• _Exercise_
When the records are reproduced, each one must match exactly, and no picture may be kept.

════════════════════

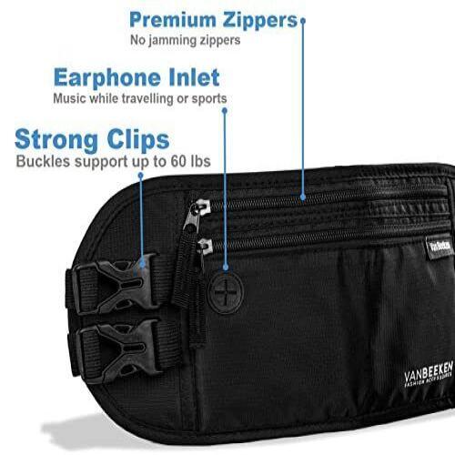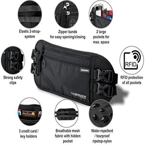 FREE SHIPPING 30 DAYS RETURN EASY PAYMENT Van Beeken Rfid Travel Money Belt Hidden Money Belts for Travel for Men and W... VAN BEEKEN RFID Travel Money Belt Hidden Money Belts for Travel for Men and Women I Travel Belt Money Pouch Slim Travel Fanny Pack I Waist Bags Waist Wallet Running Belt Wallet Waist Pouch (Black) Description and features Light-weight premium-quality RFID blocking VAN BEEKEN travel wallet with RFID protection You’ve probably been there While traveling you worry about what to do with your travel accessories / travel essentials You would your valuables securely stored, but haven’t found a travel money belt, travel pouch or hidden travel wallet yet which is secure and comfortable Then our VAN BEEKEN slim belt wallet is the perfect choice for you How are our waist bags different from other wallet belts you can find on ? Premium Quality: Damaged seams, self-opening buckles, separated zippers and flimsy waist straps. We know all weak points of cheap hidden money belts for travel for women and men. With that in mind we created a slim RFID travel fanny pack and promise genuine VAN BEEKEN premium quality No shifting or sagging: Think of a modern money bag / running waist belt, which doesn’t shift around while moving. Our unique design will hardly let you know you’re wearing it. The 2-strap-system ensures a great fit and keeps this your money belt firmly in place. It comes with fully adjustable and elasticized waist straps, suitable for waist sizes 27-55 inches Elegant slim sleek design: The travel belt / money pouch combines a sleek and stylish design with functional, high quality features. While wearing it hidden beneath your clothes this slim waist pouch / running belt keeps all personal belongings close and concealed. The soft and breathable back of this money belt makes it comfortable on your skin. The RFID blocking feature prevents unauthorized scanning of your credit cards REVIEWS The product came very well packaged. I'm very happy. thank you for everything. Seller strongly recommended. This is great! I definitely recommend! Product looks amazing Delivery was fast. Excellent seller, great communication. I advise everyone
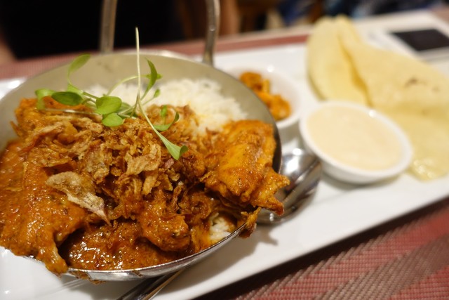 妻は「本日のカレー」を注文。当店のカレー、中でもチキンカレーはそのスジでは中々に有名であり、運良くこの日のカレーはチキンカレーでした。一口頂きましたが、なるほど堂に入ったバスマティライスにスパイスが織りなす深みのある味わい。東京で1,500〜2,000ぐらいで提供されている本格的なインドカレーの味わいに迫る美味しさでした。
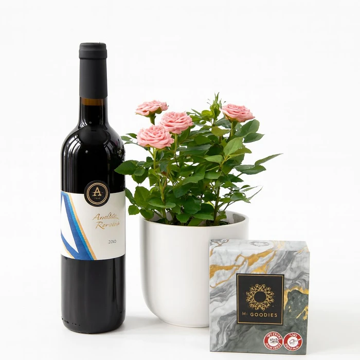 מארז עציץ ורדים עם יין ושוקולד יוקרתי
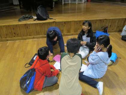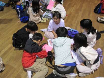 今日の最後は係と班での振り返りです。オリエンテーションホールで行いました。
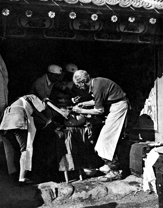 1938年3月,加拿大共產黨員、外科醫生白求恩率醫療隊到達延安,不久赴晉察冀邊區工作。1939年11月,白求恩在為傷員進行急救手術時受感染,11月12日,在河北唐縣病逝。圖為白求恩在前線為八路軍傷員做手術。

════════════════════

• _Result for this task_
 FREE SHIPPING 30 DAYS RETURN EASY PAYMENT Van Beeken Rfid Travel Money Belt Hidden Money Belts for Travel for Men and W... VAN BEEKEN RFID Travel Money Belt Hidden Money Belts for Travel for Men and Women I Travel Belt Money Pouch Slim Travel Fanny Pack I Waist Bags Waist Wallet Running Belt Wallet Waist Pouch (Black) Description and features Light-weight premium-quality RFID blocking VAN BEEKEN travel wallet with RFID protection You’ve probably been there While traveling you worry about what to do with your travel accessories / travel essentials You would your valuables securely stored, but haven’t found a travel money belt, travel pouch or hidden travel wallet yet which is secure and comfortable Then our VAN BEEKEN slim belt wallet is the perfect choice for you How are our waist bags different from other wallet belts you can find on ? Premium Quality: Damaged seams, self-opening buckles, separated zippers and flimsy waist straps. We know all weak points of cheap hidden money belts for travel for women and men. With that in mind we created a slim RFID travel fanny pack and promise genuine VAN BEEKEN premium quality No shifting or sagging: Think of a modern money bag / running waist belt, which doesn’t shift around while moving. Our unique design will hardly let you know you’re wearing it. The 2-strap-system ensures a great fit and keeps this your money belt firmly in place. It comes with fully adjustable and elasticized waist straps, suitable for waist sizes 27-55 inches Elegant slim sleek design: The travel belt / money pouch combines a sleek and stylish design with functional, high quality features. While wearing it hidden beneath your clothes this slim waist pouch / running belt keeps all personal belongings close and concealed. The soft and breathable back of this money belt makes it comfortable on your skin. The RFID blocking feature prevents unauthorized scanning of your credit cards REVIEWS The product came very well packaged. I'm very happy. thank you for everything. Seller strongly recommended. This is great! I definitely recommend! Product looks amazing Delivery was fast. Excellent seller, great communication. I advise everyone
 妻は「本日のカレー」を注文。当店のカレー、中でもチキンカレーはそのスジでは中々に有名であり、運良くこの日のカレーはチキンカレーでした。一口頂きましたが、なるほど堂に入ったバスマティライスにスパイスが織りなす深みのある味わい。東京で1,500〜2,000ぐらいで提供されている本格的なインドカレーの味わいに迫る美味しさでした。
 מארז עציץ ורדים עם יין ושוקולד יוקרתי
 今日の最後は係と班での振り返りです。オリエンテーションホールで行いました。
 1938年3月,加拿大共產黨員、外科醫生白求恩率醫療隊到達延安,不久赴晉察冀邊區工作。1939年11月,白求恩在為傷員進行急救手術時受感染,11月12日,在河北唐縣病逝。圖為白求恩在前線為八路軍傷員做手術。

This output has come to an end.